The statistics curriculum was designed to help students achieve these learning outcomes. Numbers in square brackets refer to those objectives enumerated above that are particularly relevant to the individual courses.

Statistics 133: Concepts in Computing with Data. [3,5,6]

This course focuses on how to use the computer to conduct a statistical analysis of data, including how to acquire, clean and organize data, analyze data using computationally intensive statistical methods, and report findings. Students gain experience in computing as a supporting skill for statistical practice and research. They learn how to use existing high-level general purpose software to create new algorithms and functionality and to express statistical ideas and computations, and they learn about different data technologies and tools, when to use them, and what are their trade-offs. Students acquire skills in basic numeracy, graphics, modern computationally intensive methods, and simulation. Programming concepts include variables, data types, trees, control flow. Data technologies topics include the digital representation of data, regular expressions for text manipulation, relational database management systems, the eXtensible Markup Language (XML), Web services for distributed functionality and methods, and Web publication.

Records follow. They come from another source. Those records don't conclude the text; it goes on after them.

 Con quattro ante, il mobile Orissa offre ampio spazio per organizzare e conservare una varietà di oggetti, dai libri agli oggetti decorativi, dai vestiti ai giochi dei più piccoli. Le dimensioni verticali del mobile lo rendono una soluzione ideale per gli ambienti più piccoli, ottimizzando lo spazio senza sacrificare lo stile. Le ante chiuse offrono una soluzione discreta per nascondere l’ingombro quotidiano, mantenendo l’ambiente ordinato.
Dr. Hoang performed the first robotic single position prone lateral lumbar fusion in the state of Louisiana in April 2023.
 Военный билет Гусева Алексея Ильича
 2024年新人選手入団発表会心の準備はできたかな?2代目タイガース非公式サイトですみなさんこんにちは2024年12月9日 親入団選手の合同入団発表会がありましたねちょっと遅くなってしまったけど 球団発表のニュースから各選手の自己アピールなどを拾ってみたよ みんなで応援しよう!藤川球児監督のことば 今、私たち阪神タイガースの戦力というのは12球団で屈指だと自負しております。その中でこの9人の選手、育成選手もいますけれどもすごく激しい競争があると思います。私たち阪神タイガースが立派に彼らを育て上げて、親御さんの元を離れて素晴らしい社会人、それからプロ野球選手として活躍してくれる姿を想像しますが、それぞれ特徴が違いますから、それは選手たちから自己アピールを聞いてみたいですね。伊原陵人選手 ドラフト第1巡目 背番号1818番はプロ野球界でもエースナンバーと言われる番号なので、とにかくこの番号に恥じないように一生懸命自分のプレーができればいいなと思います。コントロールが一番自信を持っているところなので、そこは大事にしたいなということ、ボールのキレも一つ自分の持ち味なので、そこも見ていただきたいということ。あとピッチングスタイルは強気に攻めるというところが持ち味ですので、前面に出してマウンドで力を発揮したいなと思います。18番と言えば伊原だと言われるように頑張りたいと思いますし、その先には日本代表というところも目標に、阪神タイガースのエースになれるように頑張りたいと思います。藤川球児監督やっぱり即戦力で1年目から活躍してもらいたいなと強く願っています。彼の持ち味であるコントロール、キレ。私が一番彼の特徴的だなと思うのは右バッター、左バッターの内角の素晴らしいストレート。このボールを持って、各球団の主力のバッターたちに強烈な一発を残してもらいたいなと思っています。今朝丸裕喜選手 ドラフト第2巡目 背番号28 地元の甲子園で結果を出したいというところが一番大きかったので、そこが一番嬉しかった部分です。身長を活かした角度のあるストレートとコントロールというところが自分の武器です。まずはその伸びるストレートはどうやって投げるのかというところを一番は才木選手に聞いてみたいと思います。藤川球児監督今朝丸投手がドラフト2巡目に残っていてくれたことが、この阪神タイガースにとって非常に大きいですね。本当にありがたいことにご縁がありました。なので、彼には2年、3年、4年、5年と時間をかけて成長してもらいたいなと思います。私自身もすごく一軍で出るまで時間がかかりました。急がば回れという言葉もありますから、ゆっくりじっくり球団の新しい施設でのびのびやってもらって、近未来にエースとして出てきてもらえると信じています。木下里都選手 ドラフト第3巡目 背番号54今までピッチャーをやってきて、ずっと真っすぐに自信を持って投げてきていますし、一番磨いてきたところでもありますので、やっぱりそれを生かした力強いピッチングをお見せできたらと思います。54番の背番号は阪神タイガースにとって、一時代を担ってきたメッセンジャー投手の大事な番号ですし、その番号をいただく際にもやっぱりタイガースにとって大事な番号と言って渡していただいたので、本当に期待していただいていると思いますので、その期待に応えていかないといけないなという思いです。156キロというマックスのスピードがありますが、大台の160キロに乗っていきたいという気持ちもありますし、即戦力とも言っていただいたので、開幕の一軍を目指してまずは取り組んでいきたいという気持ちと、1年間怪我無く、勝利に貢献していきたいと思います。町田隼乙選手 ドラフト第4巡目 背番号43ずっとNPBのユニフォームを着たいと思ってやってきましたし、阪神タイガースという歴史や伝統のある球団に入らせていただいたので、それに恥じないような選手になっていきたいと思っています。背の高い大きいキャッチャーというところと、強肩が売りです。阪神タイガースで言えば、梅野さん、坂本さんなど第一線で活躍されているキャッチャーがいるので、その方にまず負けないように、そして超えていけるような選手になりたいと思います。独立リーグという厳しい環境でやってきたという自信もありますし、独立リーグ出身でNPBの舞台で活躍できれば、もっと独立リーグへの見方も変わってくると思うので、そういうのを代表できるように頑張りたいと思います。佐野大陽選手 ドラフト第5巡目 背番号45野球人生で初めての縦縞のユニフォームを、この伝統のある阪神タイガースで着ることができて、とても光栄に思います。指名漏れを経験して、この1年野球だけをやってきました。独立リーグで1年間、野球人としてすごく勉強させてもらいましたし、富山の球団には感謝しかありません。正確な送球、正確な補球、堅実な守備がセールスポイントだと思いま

Extensive written reports are an integral part of the course.

Statistics 134: Concepts of Probability. [1]

This is an introduction to probability theory, aimed at students who have had at least one year of calculus. The course covers the laws of probability, expectation, and conditioning, as well as all the standard distributions of random variables both discrete and continuous. Functions of random variables - sums, order statistics, and so on - are studied thoroughly, as are limit laws such as the law of large numbers and the central limit theorem, and the standard models: Bernoulli trials, sampling with and without replacement, Poisson process, univariate and bivariate normal, covariance and correlation. The course serves as preparation for later more systematic study of mathematical statistics and stochastic processes.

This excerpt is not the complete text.